MATERIAL PROVIDED »
▼

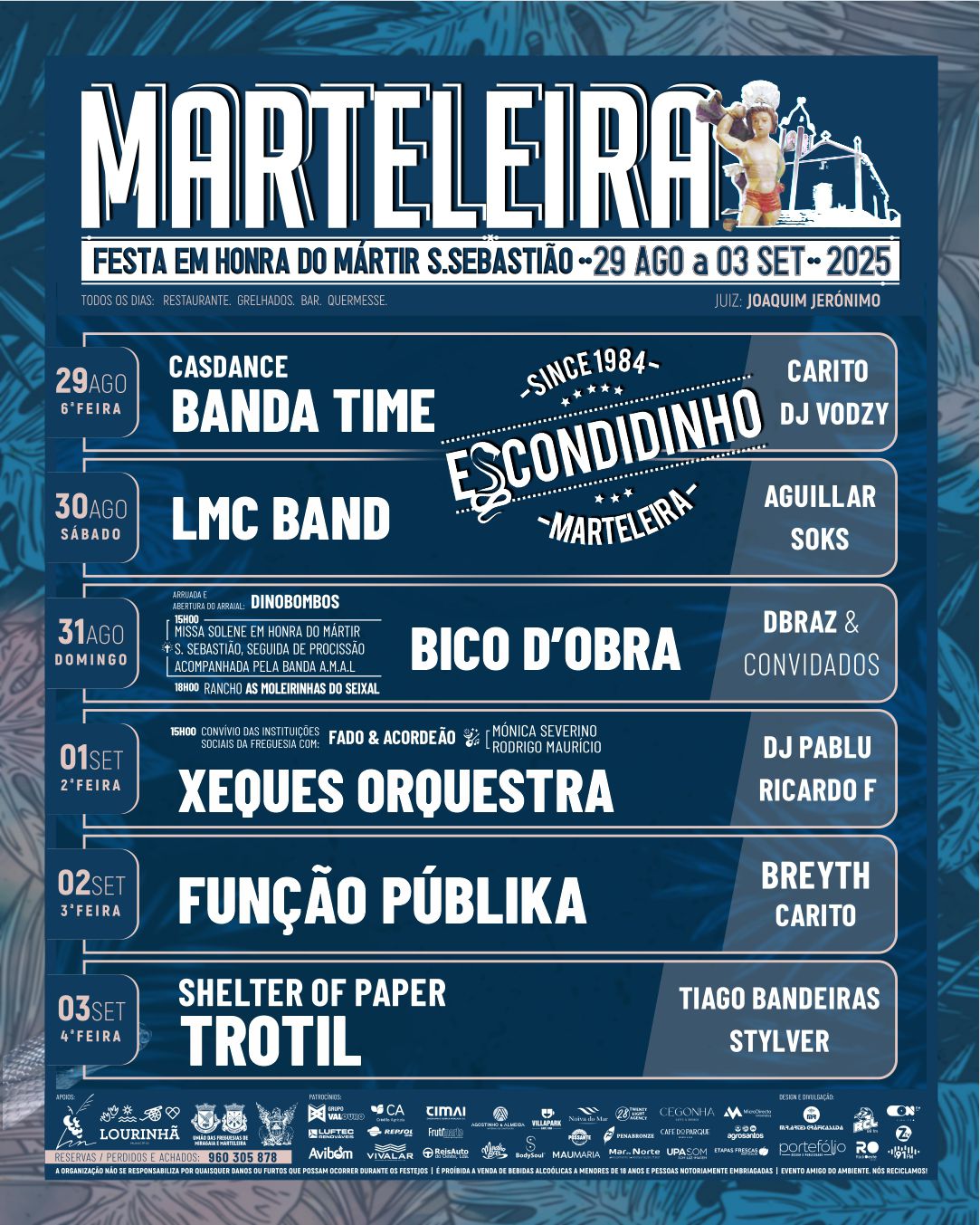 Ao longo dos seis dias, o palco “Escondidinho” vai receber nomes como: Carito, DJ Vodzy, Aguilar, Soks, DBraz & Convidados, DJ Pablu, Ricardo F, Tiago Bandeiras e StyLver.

▲
▼

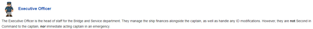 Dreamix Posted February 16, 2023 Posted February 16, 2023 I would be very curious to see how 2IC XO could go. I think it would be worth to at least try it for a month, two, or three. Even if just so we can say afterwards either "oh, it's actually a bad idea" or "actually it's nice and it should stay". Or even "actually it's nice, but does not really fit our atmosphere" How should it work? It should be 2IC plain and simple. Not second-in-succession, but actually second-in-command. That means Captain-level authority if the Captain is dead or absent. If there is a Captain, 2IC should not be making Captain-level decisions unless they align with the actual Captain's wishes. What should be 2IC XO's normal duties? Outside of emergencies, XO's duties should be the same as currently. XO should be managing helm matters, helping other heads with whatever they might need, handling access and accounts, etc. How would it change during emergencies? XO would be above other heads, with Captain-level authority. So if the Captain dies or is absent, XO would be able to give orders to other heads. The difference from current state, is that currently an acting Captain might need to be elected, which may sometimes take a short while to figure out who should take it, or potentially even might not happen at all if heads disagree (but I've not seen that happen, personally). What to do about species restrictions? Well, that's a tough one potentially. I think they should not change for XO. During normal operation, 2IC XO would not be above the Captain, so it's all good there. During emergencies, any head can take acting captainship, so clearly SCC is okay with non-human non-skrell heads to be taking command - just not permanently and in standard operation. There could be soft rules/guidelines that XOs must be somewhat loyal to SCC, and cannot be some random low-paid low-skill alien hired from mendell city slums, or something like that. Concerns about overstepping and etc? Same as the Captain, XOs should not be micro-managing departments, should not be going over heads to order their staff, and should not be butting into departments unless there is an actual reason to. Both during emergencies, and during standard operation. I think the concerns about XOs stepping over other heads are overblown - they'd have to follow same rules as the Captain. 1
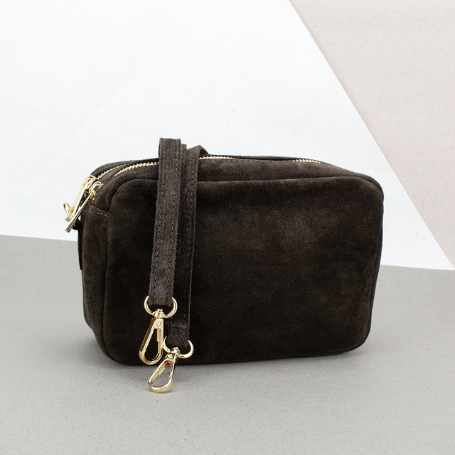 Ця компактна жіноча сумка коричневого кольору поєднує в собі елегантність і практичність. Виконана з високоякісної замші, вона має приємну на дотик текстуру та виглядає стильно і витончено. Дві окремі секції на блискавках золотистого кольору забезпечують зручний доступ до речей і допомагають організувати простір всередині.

▲
▼

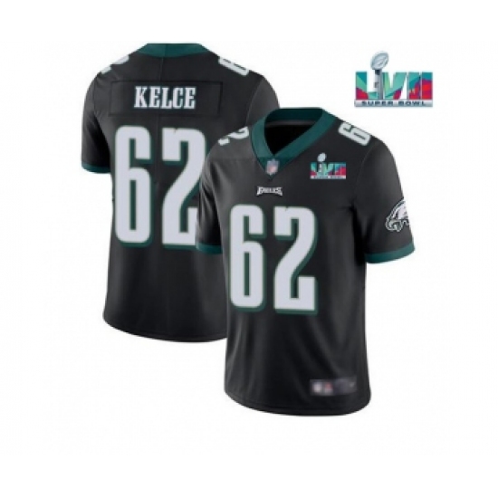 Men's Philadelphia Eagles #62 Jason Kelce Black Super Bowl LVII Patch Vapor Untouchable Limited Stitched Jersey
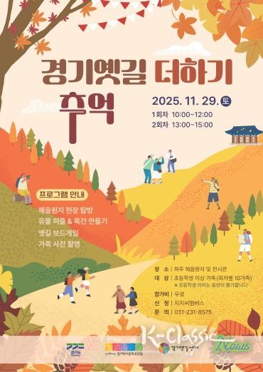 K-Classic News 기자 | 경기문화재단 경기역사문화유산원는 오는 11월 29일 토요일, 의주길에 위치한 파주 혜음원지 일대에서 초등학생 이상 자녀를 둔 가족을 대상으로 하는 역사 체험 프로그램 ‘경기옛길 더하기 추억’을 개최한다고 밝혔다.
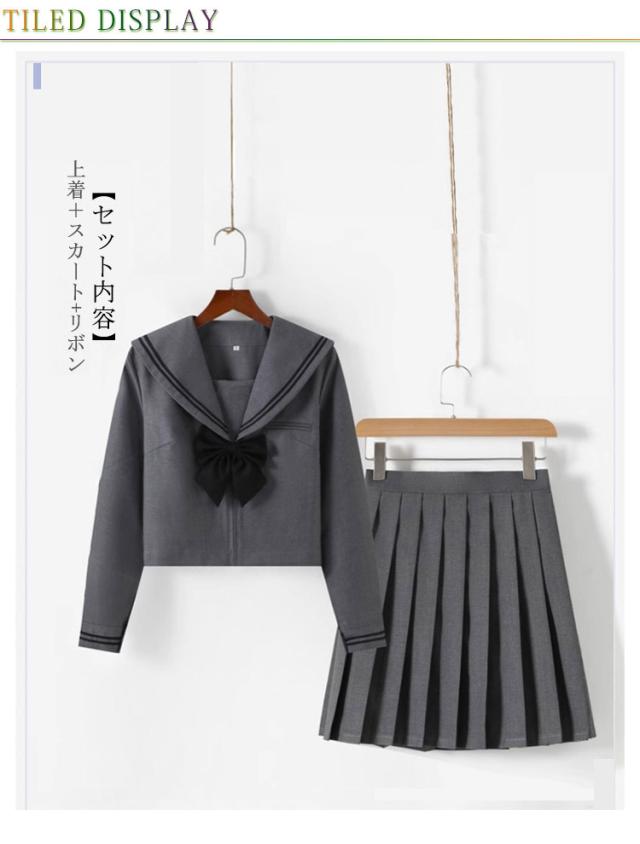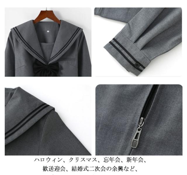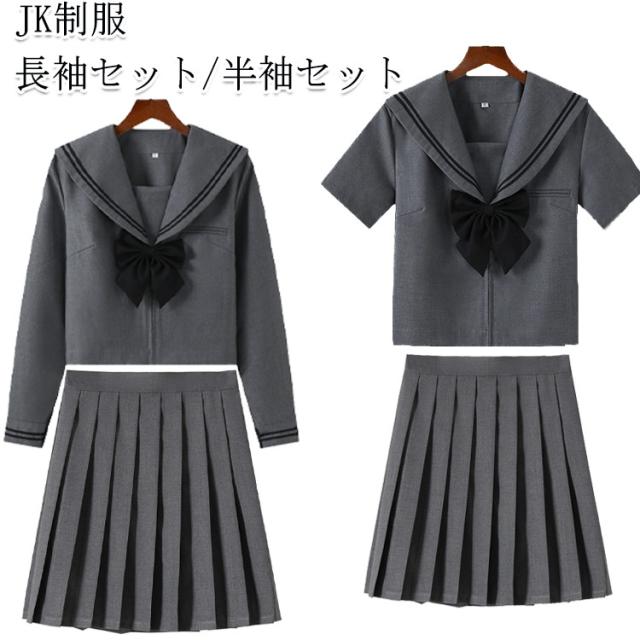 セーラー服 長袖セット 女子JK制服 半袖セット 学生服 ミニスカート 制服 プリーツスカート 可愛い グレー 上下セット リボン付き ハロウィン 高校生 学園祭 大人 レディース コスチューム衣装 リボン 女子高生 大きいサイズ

▲

Keep to the stretch from the line containing "Men's Philadelphia Eagles" through the line containing "セーラー服 長袖セット 女子JK制服", both ends included, and copy it exactly from the listing above, minus the pictures.

 Men's Philadelphia Eagles #62 Jason Kelce Black Super Bowl LVII Patch Vapor Untouchable Limited Stitched Jersey
 K-Classic News 기자 | 경기문화재단 경기역사문화유산원는 오는 11월 29일 토요일, 의주길에 위치한 파주 혜음원지 일대에서 초등학생 이상 자녀를 둔 가족을 대상으로 하는 역사 체험 프로그램 ‘경기옛길 더하기 추억’을 개최한다고 밝혔다.
 セーラー服 長袖セット 女子JK制服 半袖セット 学生服 ミニスカート 制服 プリーツスカート 可愛い グレー 上下セット リボン付き ハロウィン 高校生 学園祭 大人 レディース コスチューム衣装 リボン 女子高生 大きいサイズ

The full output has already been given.